» **The task**: Reproduce the records below in full and word for word, excluding pictures.

** Opening Available records block **

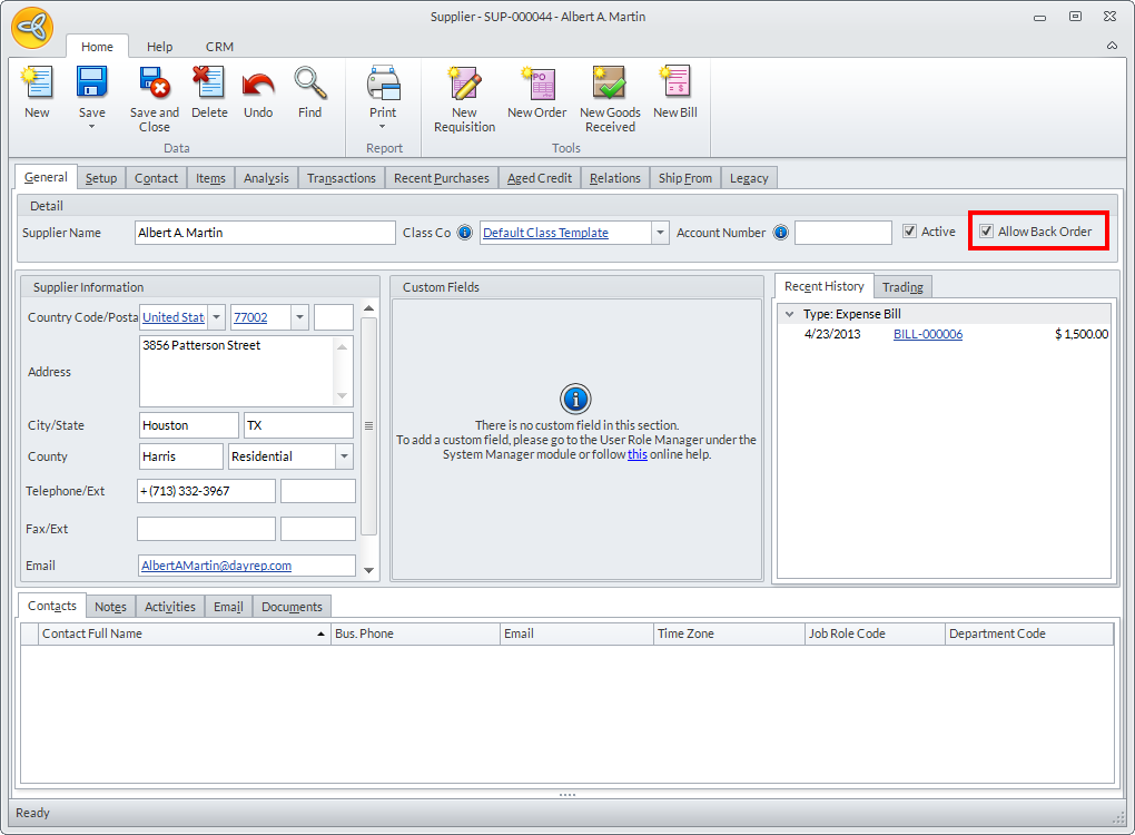 - On the Supplier form, tick the Allow Back Order checkbox.
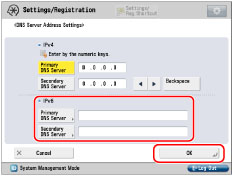 Press [DNS Server Address Settings] for [DNS Settings] → specify the following items in <IPv6> → press [OK].
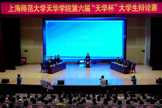 随着我校中英文辩论训练工作的不断深入,喜爱思辨的学生越来越多,全校辩论氛围也愈加浓厚。学校、各二级学院通过组织各类比赛,积极为辩手们提供展示的平台,达到以赛促训的目的。2021年5月26日,我校在晖华楼小剧场及大礼堂隆重举办“迎建党百年,展学子风采”第六届“天华杯”大学生辩论赛半决赛、决赛。学校党委副书记、学保处处长曹云林,学保处常务副处长包静波,学保处副处长刘洪伟,学保处副处长邵海波,学保处副处长、校团委书记杨央,以及各二级学院党总支书记、全体正副辅导员们莅临了本次大赛。比赛特邀通识学院副院长聂晓晶,马克思主义学院思想道德修养与法律基础教研室负责人黄播,党委宣传干事屠潇、季嘉担任评委。
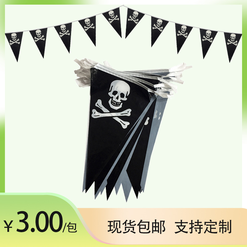 • ハロウィンシーン装飾海賊スカルストリングフラグ海賊テーマパーティー装飾誕生日フラグ
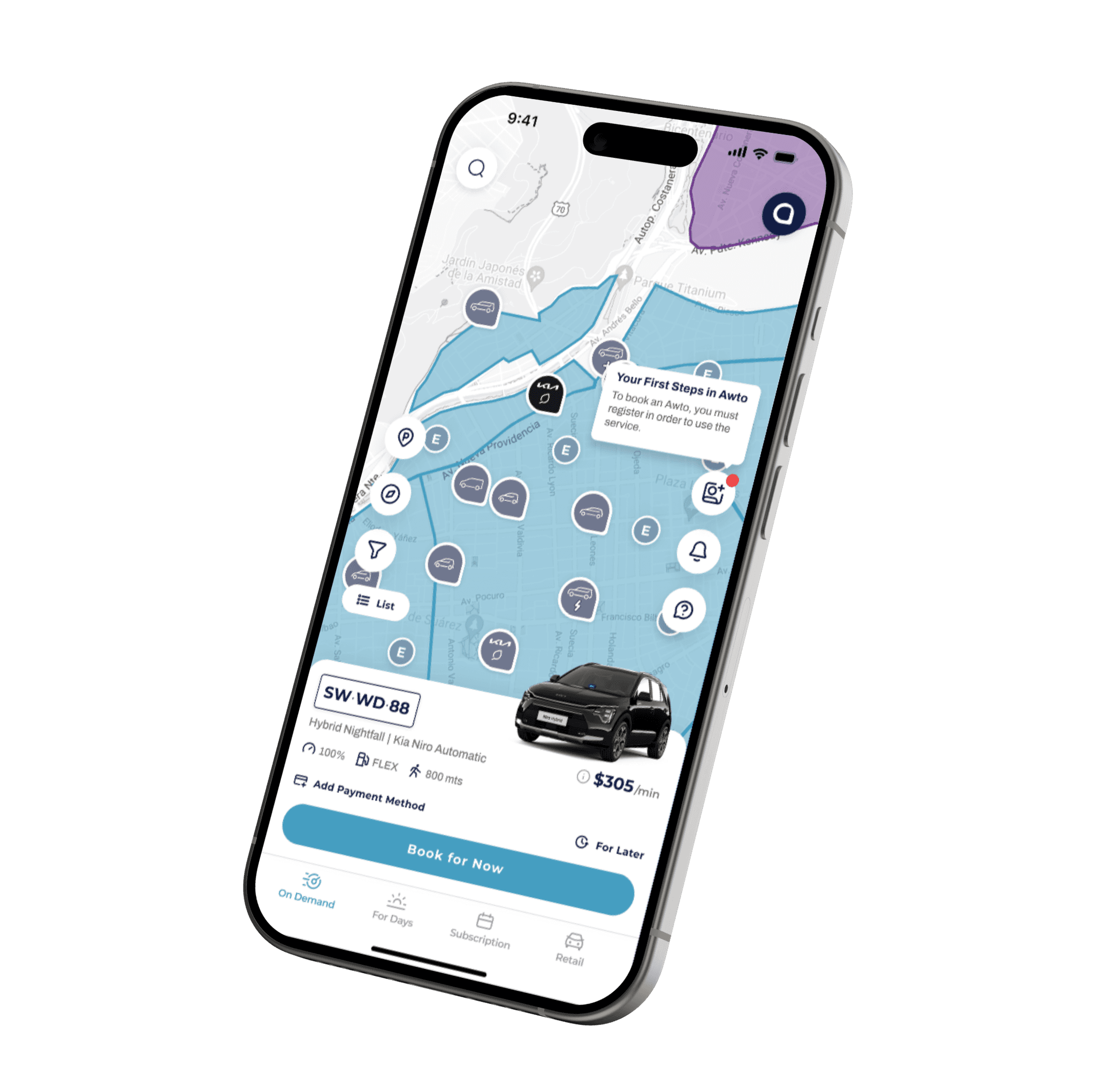 Es una app de Carsharing que permite arrendar vehículos por el tiempo que se necesite (minutos, días o meses), facilitando una solución flexible y conveniente para viajar.

** Closing Available records block **

» **Task output**:
 - On the Supplier form, tick the Allow Back Order checkbox.
 Press [DNS Server Address Settings] for [DNS Settings] → specify the following items in <IPv6> → press [OK].
 随着我校中英文辩论训练工作的不断深入,喜爱思辨的学生越来越多,全校辩论氛围也愈加浓厚。学校、各二级学院通过组织各类比赛,积极为辩手们提供展示的平台,达到以赛促训的目的。2021年5月26日,我校在晖华楼小剧场及大礼堂隆重举办“迎建党百年,展学子风采”第六届“天华杯”大学生辩论赛半决赛、决赛。学校党委副书记、学保处处长曹云林,学保处常务副处长包静波,学保处副处长刘洪伟,学保处副处长邵海波,学保处副处长、校团委书记杨央,以及各二级学院党总支书记、全体正副辅导员们莅临了本次大赛。比赛特邀通识学院副院长聂晓晶,马克思主义学院思想道德修养与法律基础教研室负责人黄播,党委宣传干事屠潇、季嘉担任评委。
 • ハロウィンシーン装飾海賊スカルストリングフラグ海賊テーマパーティー装飾誕生日フラグ
 Es una app de Carsharing que permite arrendar vehículos por el tiempo que se necesite (minutos, días o meses), facilitando una solución flexible y conveniente para viajar.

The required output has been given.